_Exercise details:_ Return the lines from the start of the data through the line with "去年以来,险资举牌高达32次". Include both of those lines and no others.

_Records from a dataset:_
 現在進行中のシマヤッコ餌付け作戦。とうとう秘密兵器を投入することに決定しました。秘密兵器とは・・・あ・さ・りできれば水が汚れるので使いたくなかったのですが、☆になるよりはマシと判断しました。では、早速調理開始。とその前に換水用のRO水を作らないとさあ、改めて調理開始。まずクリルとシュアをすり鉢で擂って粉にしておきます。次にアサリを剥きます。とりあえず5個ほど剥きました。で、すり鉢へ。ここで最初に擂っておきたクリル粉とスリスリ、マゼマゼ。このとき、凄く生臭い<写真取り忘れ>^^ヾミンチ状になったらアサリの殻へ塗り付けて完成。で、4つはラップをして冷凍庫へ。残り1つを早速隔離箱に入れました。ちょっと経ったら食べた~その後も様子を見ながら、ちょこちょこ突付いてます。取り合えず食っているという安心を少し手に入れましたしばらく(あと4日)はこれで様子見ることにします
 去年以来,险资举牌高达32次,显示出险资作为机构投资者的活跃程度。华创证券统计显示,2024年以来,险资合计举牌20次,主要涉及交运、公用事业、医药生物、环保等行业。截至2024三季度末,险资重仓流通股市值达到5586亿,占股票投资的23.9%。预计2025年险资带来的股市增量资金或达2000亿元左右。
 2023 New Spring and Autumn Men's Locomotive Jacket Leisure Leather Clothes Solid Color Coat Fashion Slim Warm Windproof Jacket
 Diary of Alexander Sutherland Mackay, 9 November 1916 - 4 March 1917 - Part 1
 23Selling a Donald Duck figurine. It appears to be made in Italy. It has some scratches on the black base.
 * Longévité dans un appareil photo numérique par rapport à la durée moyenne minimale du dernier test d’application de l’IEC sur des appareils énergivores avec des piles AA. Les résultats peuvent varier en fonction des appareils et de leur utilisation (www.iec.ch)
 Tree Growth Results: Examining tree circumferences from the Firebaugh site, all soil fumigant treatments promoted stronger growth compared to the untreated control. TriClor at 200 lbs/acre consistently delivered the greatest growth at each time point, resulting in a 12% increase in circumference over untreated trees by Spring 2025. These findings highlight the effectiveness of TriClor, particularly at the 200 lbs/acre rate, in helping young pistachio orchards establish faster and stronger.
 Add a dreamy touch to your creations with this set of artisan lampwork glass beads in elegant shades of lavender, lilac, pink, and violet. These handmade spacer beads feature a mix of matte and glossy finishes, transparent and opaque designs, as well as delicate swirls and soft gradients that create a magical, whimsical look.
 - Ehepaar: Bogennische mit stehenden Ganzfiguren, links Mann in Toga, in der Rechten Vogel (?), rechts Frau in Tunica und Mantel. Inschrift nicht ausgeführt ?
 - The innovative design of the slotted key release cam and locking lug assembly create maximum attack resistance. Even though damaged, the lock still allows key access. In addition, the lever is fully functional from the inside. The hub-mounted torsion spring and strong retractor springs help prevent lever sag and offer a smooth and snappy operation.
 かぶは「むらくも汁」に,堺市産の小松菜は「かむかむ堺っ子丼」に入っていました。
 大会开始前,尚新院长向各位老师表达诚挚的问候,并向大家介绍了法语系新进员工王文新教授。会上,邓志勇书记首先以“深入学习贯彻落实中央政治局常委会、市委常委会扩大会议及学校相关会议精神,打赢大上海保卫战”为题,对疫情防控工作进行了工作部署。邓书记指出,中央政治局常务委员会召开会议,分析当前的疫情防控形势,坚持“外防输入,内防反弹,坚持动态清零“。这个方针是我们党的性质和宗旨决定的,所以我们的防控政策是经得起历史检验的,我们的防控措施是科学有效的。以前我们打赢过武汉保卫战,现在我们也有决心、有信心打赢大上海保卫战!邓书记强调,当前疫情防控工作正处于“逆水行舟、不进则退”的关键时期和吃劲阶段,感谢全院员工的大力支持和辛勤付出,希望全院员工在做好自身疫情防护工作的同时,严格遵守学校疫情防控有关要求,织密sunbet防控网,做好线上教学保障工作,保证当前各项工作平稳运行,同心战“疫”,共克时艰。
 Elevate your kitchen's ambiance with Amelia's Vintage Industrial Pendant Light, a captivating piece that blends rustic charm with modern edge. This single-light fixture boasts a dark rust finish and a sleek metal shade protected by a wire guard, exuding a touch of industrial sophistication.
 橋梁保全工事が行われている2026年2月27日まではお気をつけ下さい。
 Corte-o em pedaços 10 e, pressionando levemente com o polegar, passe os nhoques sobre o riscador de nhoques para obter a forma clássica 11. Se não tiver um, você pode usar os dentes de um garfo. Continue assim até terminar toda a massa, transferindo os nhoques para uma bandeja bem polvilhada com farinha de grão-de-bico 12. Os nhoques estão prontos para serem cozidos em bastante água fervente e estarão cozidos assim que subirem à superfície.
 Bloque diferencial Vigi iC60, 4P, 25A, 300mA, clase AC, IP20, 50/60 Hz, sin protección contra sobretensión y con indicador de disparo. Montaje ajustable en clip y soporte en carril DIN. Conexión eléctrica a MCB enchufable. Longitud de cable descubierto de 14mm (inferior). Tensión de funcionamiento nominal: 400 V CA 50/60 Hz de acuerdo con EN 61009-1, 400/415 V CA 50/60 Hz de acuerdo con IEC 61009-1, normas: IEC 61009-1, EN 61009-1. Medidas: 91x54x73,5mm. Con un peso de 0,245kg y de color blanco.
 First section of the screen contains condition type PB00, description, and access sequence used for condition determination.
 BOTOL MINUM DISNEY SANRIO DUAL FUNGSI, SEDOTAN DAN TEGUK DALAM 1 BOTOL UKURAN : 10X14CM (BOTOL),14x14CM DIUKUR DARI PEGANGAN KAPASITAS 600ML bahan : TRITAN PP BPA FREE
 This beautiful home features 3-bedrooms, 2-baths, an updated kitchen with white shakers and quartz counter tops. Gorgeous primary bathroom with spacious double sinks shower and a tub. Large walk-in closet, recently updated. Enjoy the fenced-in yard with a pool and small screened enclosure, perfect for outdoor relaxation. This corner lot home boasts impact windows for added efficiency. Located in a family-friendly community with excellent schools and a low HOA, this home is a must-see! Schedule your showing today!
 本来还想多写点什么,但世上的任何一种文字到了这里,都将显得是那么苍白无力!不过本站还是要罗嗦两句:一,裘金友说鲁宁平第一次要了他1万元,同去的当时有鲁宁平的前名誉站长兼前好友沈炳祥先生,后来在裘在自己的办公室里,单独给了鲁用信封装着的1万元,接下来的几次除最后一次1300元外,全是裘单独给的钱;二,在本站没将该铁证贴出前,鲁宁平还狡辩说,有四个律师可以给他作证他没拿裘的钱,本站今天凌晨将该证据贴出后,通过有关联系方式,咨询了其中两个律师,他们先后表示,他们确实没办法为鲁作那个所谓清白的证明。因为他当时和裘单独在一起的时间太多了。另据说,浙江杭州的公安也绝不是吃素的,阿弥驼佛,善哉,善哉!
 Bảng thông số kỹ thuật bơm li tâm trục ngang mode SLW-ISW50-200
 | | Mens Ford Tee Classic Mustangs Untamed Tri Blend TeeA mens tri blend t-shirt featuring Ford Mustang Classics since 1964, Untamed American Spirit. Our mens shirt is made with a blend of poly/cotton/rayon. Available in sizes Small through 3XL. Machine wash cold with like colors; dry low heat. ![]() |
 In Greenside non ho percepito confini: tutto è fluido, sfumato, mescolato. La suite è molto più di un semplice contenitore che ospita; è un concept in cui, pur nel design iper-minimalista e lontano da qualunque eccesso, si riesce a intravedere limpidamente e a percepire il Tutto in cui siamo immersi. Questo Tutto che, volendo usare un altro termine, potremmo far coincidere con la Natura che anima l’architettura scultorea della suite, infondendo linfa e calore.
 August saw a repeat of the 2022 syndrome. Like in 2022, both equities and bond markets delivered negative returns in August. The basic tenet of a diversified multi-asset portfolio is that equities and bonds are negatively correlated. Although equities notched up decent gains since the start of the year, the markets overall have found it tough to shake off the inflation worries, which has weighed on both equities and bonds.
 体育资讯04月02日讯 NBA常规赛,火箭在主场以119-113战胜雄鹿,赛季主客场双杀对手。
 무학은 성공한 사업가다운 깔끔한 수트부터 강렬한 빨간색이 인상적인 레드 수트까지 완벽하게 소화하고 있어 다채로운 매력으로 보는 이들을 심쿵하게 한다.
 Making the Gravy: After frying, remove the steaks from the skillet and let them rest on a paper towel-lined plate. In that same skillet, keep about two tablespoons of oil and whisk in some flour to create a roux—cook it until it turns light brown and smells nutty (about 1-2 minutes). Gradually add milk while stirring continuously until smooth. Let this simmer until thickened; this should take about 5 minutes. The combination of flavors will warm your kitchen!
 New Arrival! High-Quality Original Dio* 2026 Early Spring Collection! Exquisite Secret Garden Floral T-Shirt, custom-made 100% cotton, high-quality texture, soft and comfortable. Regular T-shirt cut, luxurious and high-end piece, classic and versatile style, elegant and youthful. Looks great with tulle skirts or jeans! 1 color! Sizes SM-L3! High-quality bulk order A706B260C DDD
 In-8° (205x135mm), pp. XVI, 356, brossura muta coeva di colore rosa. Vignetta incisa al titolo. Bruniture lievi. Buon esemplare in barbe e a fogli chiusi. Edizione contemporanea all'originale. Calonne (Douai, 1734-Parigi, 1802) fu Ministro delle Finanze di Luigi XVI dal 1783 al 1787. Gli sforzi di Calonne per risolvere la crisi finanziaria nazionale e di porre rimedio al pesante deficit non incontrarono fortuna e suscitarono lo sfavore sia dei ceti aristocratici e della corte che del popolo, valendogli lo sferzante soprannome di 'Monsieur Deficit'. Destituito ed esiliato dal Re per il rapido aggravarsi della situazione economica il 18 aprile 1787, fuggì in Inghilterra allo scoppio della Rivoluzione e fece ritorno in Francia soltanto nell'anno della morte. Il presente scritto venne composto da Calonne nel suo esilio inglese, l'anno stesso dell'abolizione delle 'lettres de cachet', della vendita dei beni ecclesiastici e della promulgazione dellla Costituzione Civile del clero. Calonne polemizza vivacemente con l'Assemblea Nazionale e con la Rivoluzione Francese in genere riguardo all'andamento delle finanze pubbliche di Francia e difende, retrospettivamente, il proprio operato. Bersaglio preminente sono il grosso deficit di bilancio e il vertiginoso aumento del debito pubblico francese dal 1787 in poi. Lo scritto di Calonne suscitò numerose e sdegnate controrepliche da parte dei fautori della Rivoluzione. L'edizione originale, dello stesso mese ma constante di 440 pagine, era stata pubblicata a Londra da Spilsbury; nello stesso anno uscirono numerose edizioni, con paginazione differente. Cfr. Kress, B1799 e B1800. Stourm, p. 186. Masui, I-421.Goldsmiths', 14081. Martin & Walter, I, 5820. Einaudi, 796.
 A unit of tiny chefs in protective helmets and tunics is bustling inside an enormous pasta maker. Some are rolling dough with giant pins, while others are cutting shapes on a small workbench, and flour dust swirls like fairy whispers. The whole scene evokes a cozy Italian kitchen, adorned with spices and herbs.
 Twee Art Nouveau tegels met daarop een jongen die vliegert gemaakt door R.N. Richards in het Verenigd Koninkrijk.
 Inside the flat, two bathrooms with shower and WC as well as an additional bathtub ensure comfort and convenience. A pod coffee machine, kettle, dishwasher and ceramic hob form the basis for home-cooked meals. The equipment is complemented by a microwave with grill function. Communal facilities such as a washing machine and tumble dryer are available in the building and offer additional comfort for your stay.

_Answer section:_
 現在進行中のシマヤッコ餌付け作戦。とうとう秘密兵器を投入することに決定しました。秘密兵器とは・・・あ・さ・りできれば水が汚れるので使いたくなかったのですが、☆になるよりはマシと判断しました。では、早速調理開始。とその前に換水用のRO水を作らないとさあ、改めて調理開始。まずクリルとシュアをすり鉢で擂って粉にしておきます。次にアサリを剥きます。とりあえず5個ほど剥きました。で、すり鉢へ。ここで最初に擂っておきたクリル粉とスリスリ、マゼマゼ。このとき、凄く生臭い<写真取り忘れ>^^ヾミンチ状になったらアサリの殻へ塗り付けて完成。で、4つはラップをして冷凍庫へ。残り1つを早速隔離箱に入れました。ちょっと経ったら食べた~その後も様子を見ながら、ちょこちょこ突付いてます。取り合えず食っているという安心を少し手に入れましたしばらく(あと4日)はこれで様子見ることにします
 去年以来,险资举牌高达32次,显示出险资作为机构投资者的活跃程度。华创证券统计显示,2024年以来,险资合计举牌20次,主要涉及交运、公用事业、医药生物、环保等行业。截至2024三季度末,险资重仓流通股市值达到5586亿,占股票投资的23.9%。预计2025年险资带来的股市增量资金或达2000亿元左右。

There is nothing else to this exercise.